By STEVEN WALKER
published 2007
The Food and Drug Administration recently argued in the D.C. Court of Appeals that it has the power to ban meat and vegetables without violating anyone's fundamental rights. The agency chose this bizarre position in an attempt to counter arguments made by patients and their advocates in Abigail Alliance v. von Eschenbach. This groundbreaking case challenges the agency's refusal to grant access to investigational drugs, even as a last resort for terminally ill patients.
Last year, a three-judge panel decided that the FDA is violating the due- process rights of terminally ill patients by denying them access to promising investigational drugs. In response the FDA moved for a rehearing by the full court, hoping to prevent a lower court-supervised examination of whether its draconian policies actually serve a narrowly tailored compelling governmental interest. In layman's terms, this means the FDA would have to show its policies toward terminal patients are so critical to the well-being of society that they supersede (in broad and highly imperfect fashion) the fundamental right of an individual to pursue life free of undue government interference. The FDA knows their policies will not survive this test, and doesn't want the question asked.
Consider the FDA's handling of Genasense, a new drug for melanoma and chronic lymphocytic leukemia (CLL), two often terminal forms of cancer. The drug is being developed by Genta, a small, innovative company with only one approved drug and limited financial resources. Despite compelling evidence that Genasense is making progress in fighting both diseases, the FDA appears determined to kill the drug.
.In the case of the melanoma application, instead of reviewing the clinical-trial data in accordance with usual methods (which showed positive results), the FDA chose a nonstandard statistical approach aimed at discrediting the results. The agency used this analysis in its briefing to its advisory committee, claiming that the drug might not be effective. The committee then relied on that information to vote against approval.
Now, Genta has found a serious mathematical error in the FDA's analysis, rendering its results meaningless. Genta is filing a complaint under the Federal Data Quality Act to correct the record. But in the meantime, the drug remains unapproved and melanoma patients continue to wait.
Genasense was also shown in a well-run, randomized clinical trial (the FDA's gold standard) to cause a complete disappearance of disease in 17% of patients with advanced CLL when combined with two older drugs. Just 7% of patients in a control group who received only the older drugs experienced similar benefit. The responders to Genasense have seen their relief last an average of 36 months, while those using other drugs saw their cancer return, on average, in 22 months.
Following these results, the Director of the FDA's cancer division, Dr. Richard Pazdur, again convened a public meeting of his advisory committee. After an agency presentation designed to elicit a negative outcome, the panel voted 7 to 3 against approval, triggering an immediate reaction of surprise and dismay among many CLL experts.
But the committee vote is less surprising if one knows that the FDA appointed several voting consultants to the committee (none of them CLL experts), and recused from the meeting the only sitting member of the committee who is an expert in CLL. Perhaps even more troubling, two of the voting committee members worked behind the scenes as undisclosed consultants for the FDA on Genasense, then without disclosure voted in the open meeting.

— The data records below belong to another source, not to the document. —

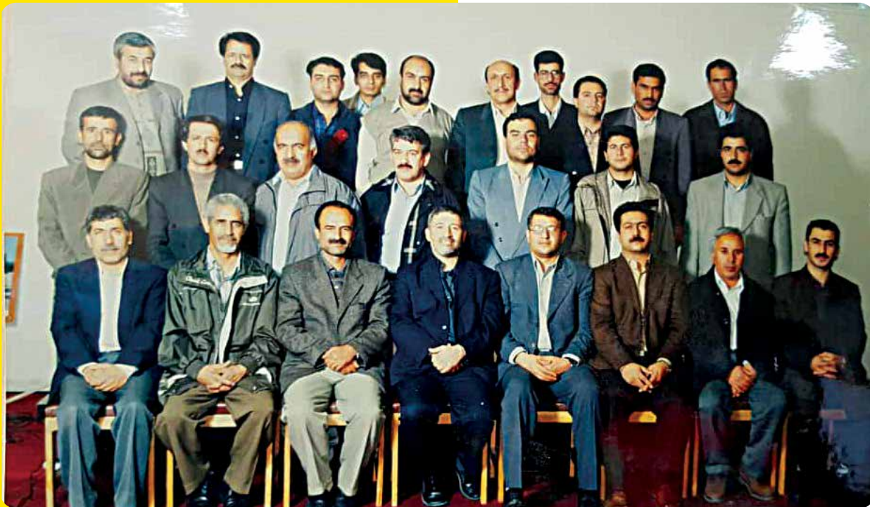
تیم مطالعاتی شناسایی کانون های بحرانی فرسایش بادی - سال ۱۳۸۰ (ش) - یزد

ارشد و دکتری تدریس می‌کنند. همچنین، ایشان تاکنون استاد راهنما و استاد مشاور بیش از ۱۲۰ پایان‌نامه کارشناسی ارشد و رساله دکتری بوده‌اند.
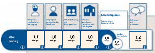
Ergebnis der aktuellen MDK-Prüfung

Hügelweg 37, 46562 Voerde · Tel.: 0281/3192-0 · Fax: 0281/3192-500 sz@awo-kr-west.de · www.awo-kr-west.de
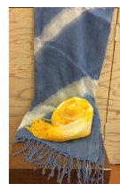
ストール（染物体験） イメージ

地域の魅力を再発見する都市農村交流バスツアー企画。 今回の企画は、福岡県糸島市志摩初エリアを訪ねます！ クラフト体験や未来の福祉機器体験など盛りだくさんの 内容は、地域住民で企画したものです！志摩初エリアの 魅力を体験していただけるバスツアーです！
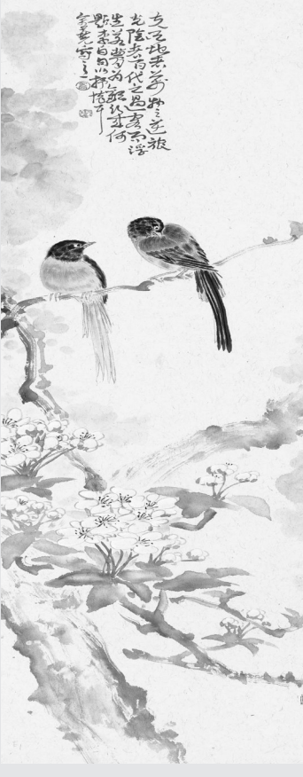
岭树数声春鸟啼(国画) 白金尧

A shocked Genta quickly requested a meeting with the FDA to seek clarity on the agency's position, and to present additional information from patient follow-up. On the referral of an eminent leukemia expert, Genta asked if we would attend the meeting as witnesses in our capacity as patient advocates. No compensation was offered, requested or received.
Most of the meeting was consumed by getting the FDA to admit the obvious: The long-lasting, complete disappearance of CLL and its symptoms constituted "clinical benefit." Making these arguments were two cancer-medicine professors at M.D. Anderson Cancer Center, the recused ODAC member and an immediate past president of the American Society of Hematology -- all experts in CLL. None were employees of Genta and collectively represented a far more qualified advisory committee than the one that the FDA had convened.
The FDA's inane answer to the CLL experts was that the long-lasting disappearance of disease in patients taking Genasense was a "theoretical construct" and not grounds for approval.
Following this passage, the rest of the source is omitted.